Figure 9 depicts the flag rate from generating 10,000 sampling groups from the previous landscapes obtained for each μ . The groups were randomly generated and composed of 1, 4, 16, 64, or 128 landscapes. As one can see, using a single landscape (blue dashed line), the flag rates for both Π and Ψ -devices were high and in some cases were above 20%, as shown in Figure 9a,b. For cases with 4 landscapes, the flag rate can be up to 5%, which is still a high result. With 16 landscapes, a residual number of landscapes was obtained for the flagged Π and Ψ devices, which is the expected behavior for the system. Contrary to this, Figure 9c illustrates that, even with a single sample, the system can identify the Ω -devices. However, because of the flag rates of the Π and Ψ -devices, one must choose to use 16 or more landscapes for identification.
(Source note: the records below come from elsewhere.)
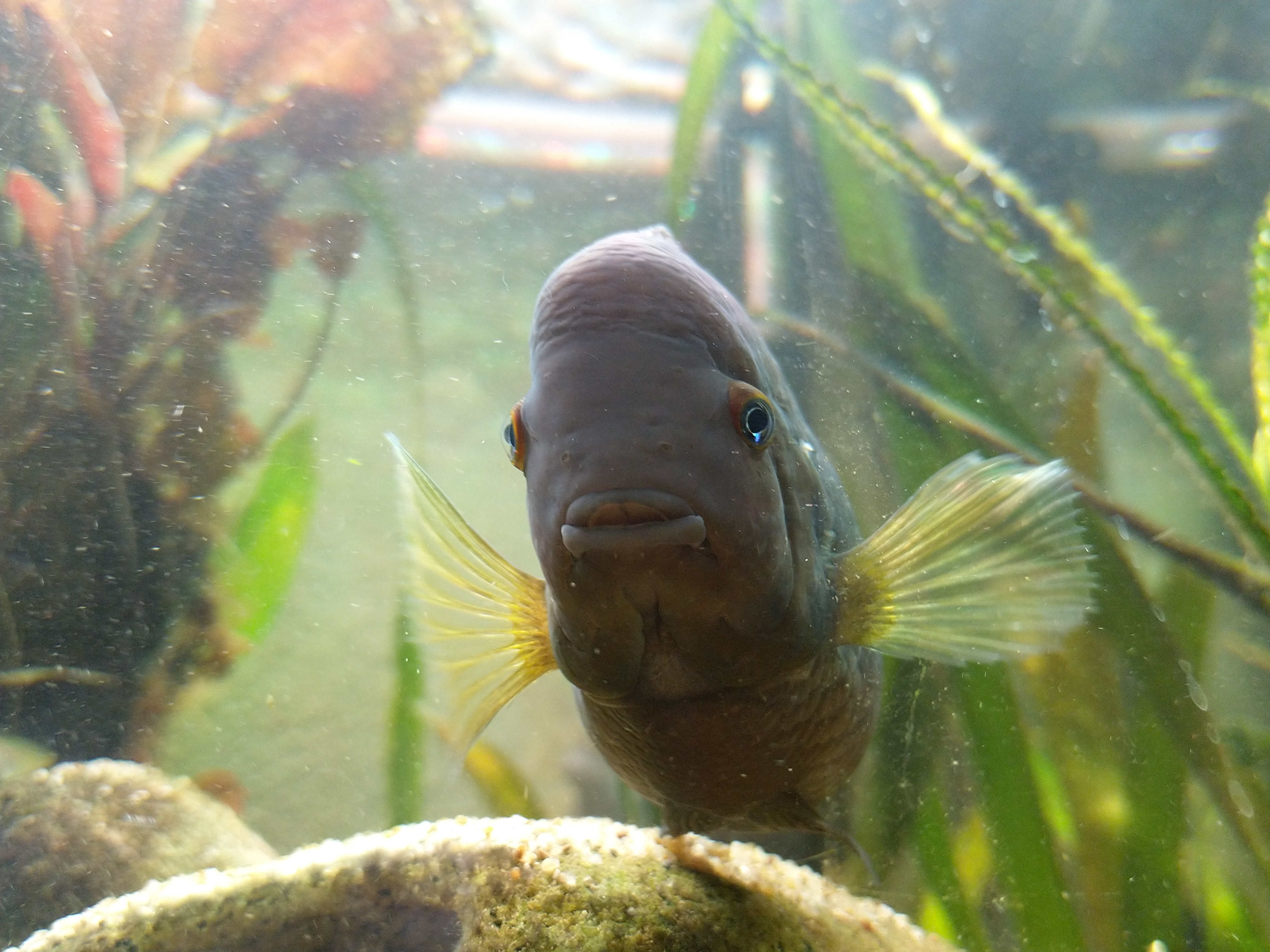 Man Cryptoheros Sajica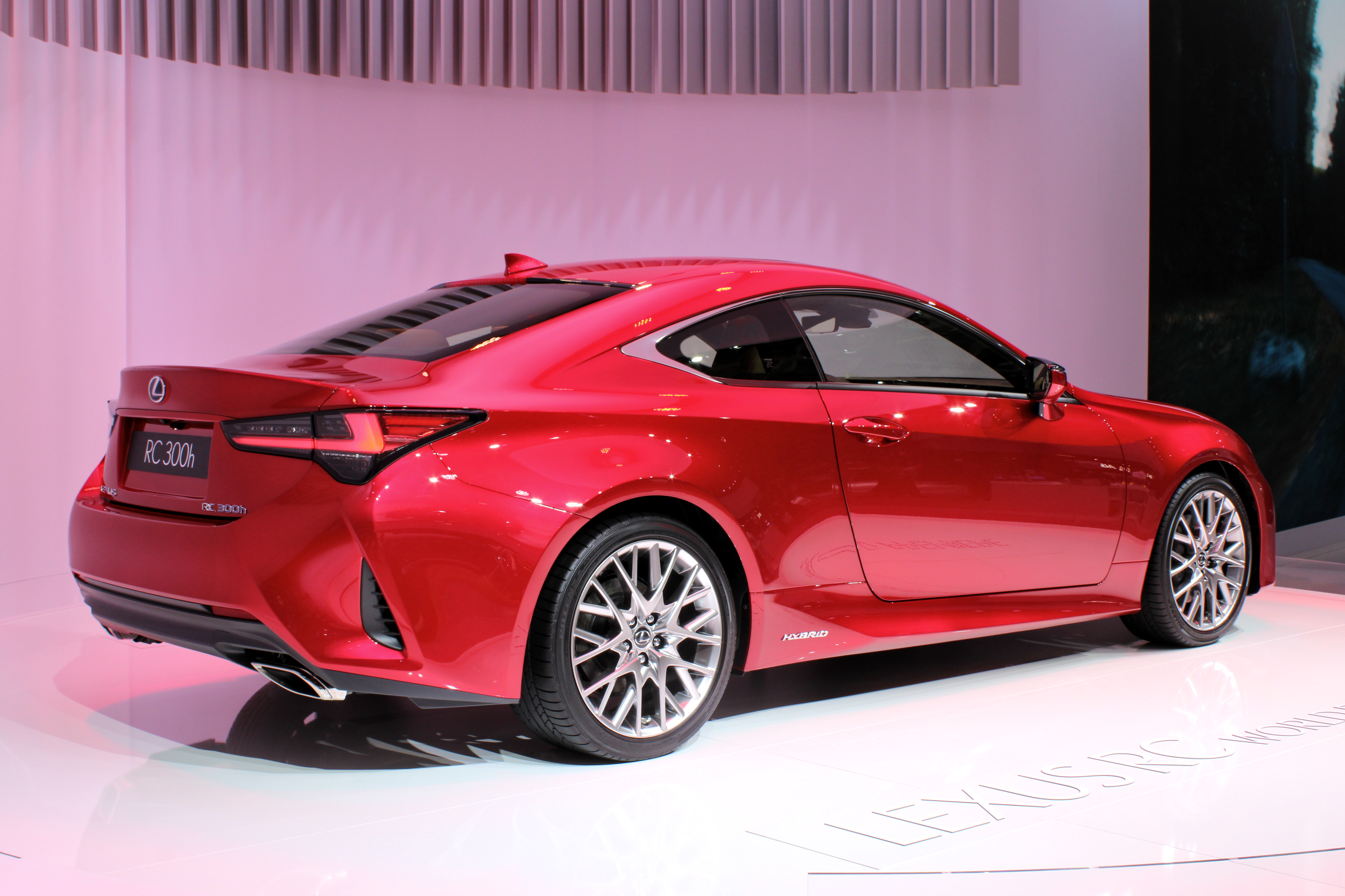 Lexus RC 300h at Paris Motor Show 2018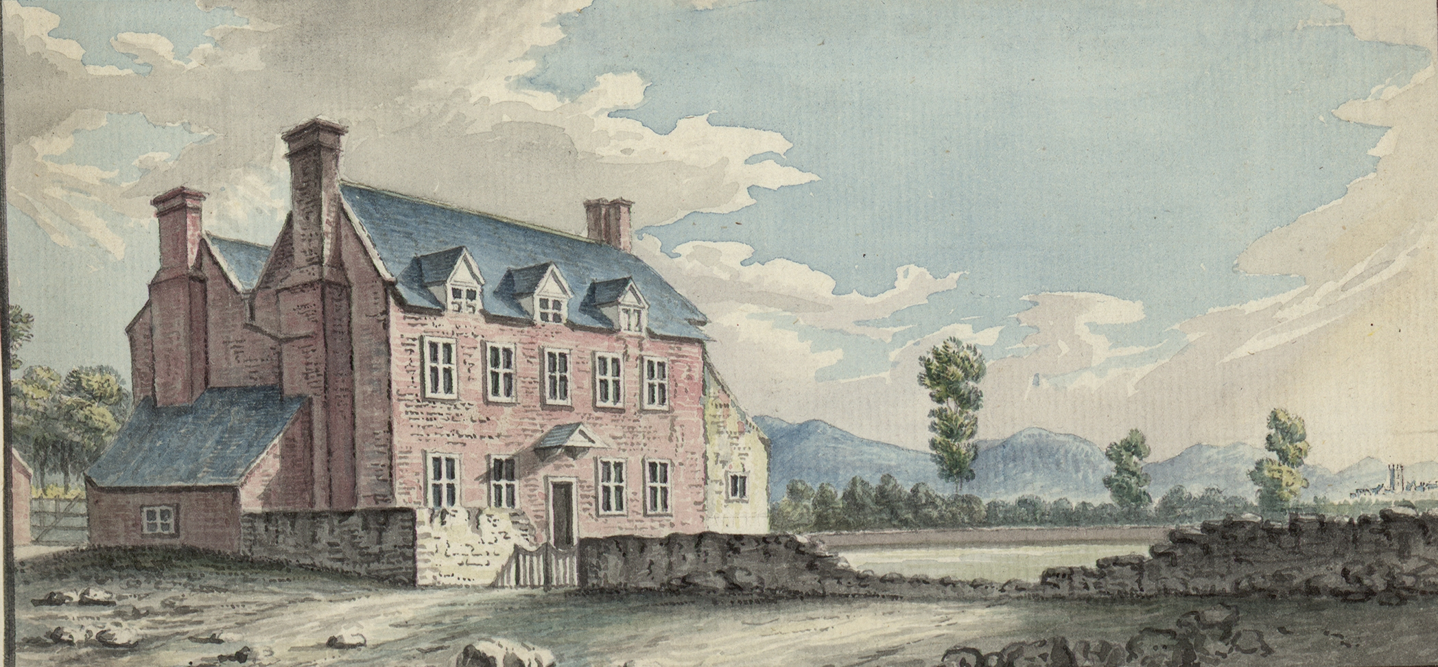 An image from a set of 8 extra-illustrated volumes of A tour in Wales by Thomas Pennant (1726-1798) that chronicle the three journeys he made through Wales between 1773 and 1776. These volumes are unique because they were compiled for Pennant's own library at Downing. This edition was produced in 1781. The volumes include a number of original drawings by Moses Griffiths, Ingleby and other well known artists of the period. Thomas Pennant (1726-1798)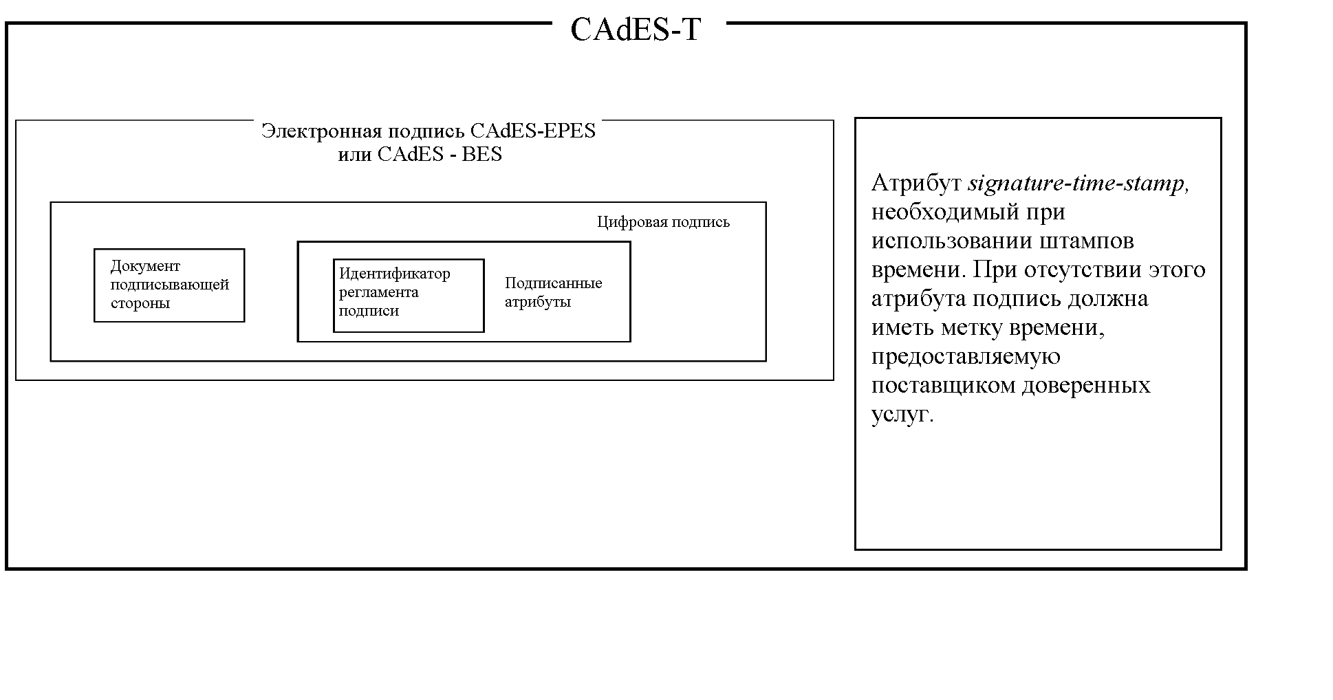 CAdES-T illustration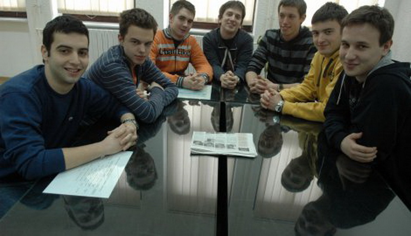 Students that received full scholarships from Trinity College, University of Cambridge: Luka Milićević, Dušan Milijančević, Ognjen Ivković, Nikola Mrkšić, Mihajlo Cekić, Aleksandar Vasiljković, Dušan Perović. All students are from d-division (4th grade, division D) of Mathematical Gymnasium Belgrade. Trinity College awards not more than two full scholarships for one world region (i.e. Europe, North America, etc.). Every year students of Mathematical Gymnasium win scholarships over this quota. This success was the main reason for director of Cambridge Commonwealth Trust, mr Michael O'Sullivan, to visit Mathematical Gymnasium Belgrade in June 2010 (June 21, 2010).

6. Conclusions and Future Work

The present work shows how Persistence Landscape analysis allows one to verify whether a given device collects data that are a subset of the original point cloud. Therefore, intelligent systems can now autonomously recognize when their performance may not be as expected, since the data collected do not represent the problem it was built from. Persistence Landscapes were obtained through H0 PD, which is computable in an RSES. With this analysis being made directly by an RSES, a new layer of trust is provided for intelligent systems built using these constrained devices. They can dynamically understand that they are facing an unknown environment, which is a stepping stone to avoiding errors, finding hardware malfunctions, and reducing the necessity for Cloud systems.
However, this method has some limitations, and the success of it is greatly dependent on the dataset and the proximity between the samples, because the 0-dimensional PH analysis constructs the PD based on connections, which means that if the points are close together, one will not have any meaningful information. Besides the intention to reduce the necessity for Cloud computing, this work could be improved with a central system or it could be used to decrease the workload of a Cloud system. For example, a device can initiate communication with a Cloud system only if it can previously verify that the point cloud being collected is not similar to any previous one seen. Moreover, if all devices send their PL to a Cloud system, even during data collection, the Cloud can check which devices should send data to avoid repetition.
In terms of future work, developments, and directions, the authors have considered the following: test the limits of this analysis with a broader range of datasets to verify whether there are any datasets for which this type of analysis will not provide meaningful results; test the differences in the PL analysis of H 0 -PD built with 32 samples or 64 samples; and create an algorithm to find the minimum number of landscapes to have certainty that μ X .

Author Contributions

Conceptualization, S.B. and J.C.; methodology, S.B., J.G.C. and J.C.; software, S.B.; validation, S.B., J.C. and J.G.C.; formal analysis, S.B., J.C., M.S.R. and J.G.C.; investigation, S.B., J.G.C. and J.C.; resources, S.B.; data curation, S.B. and J.G.C.; writing—original draft preparation, S.B. and E.D.; writing—review and editing, S.B., E.D., J.G.C., M.S.R. and J.C.; visualization, S.B. and J.G.C.; supervision, J.G.C., M.S.R. and J.C.; project administration, J.C.; funding acquisition, J.C. All authors have read and agreed to the published version of the manuscript.

Funding

Project “(Link4S)ustainability—A new generation connectivity system for creation and integration of networks of objects for new sustainability paradigms [POCI-01-0247-FEDER-046122|LISBOA-01-0247-FEDER-046122]” is financed by the Operational Competitiveness and Internationalization Programmes COMPETE 2020 and LISBOA 2020, under the PORTUGAL 2020 Partnership Agreement, and through the European Structural and Investment Funds in the FEDER component.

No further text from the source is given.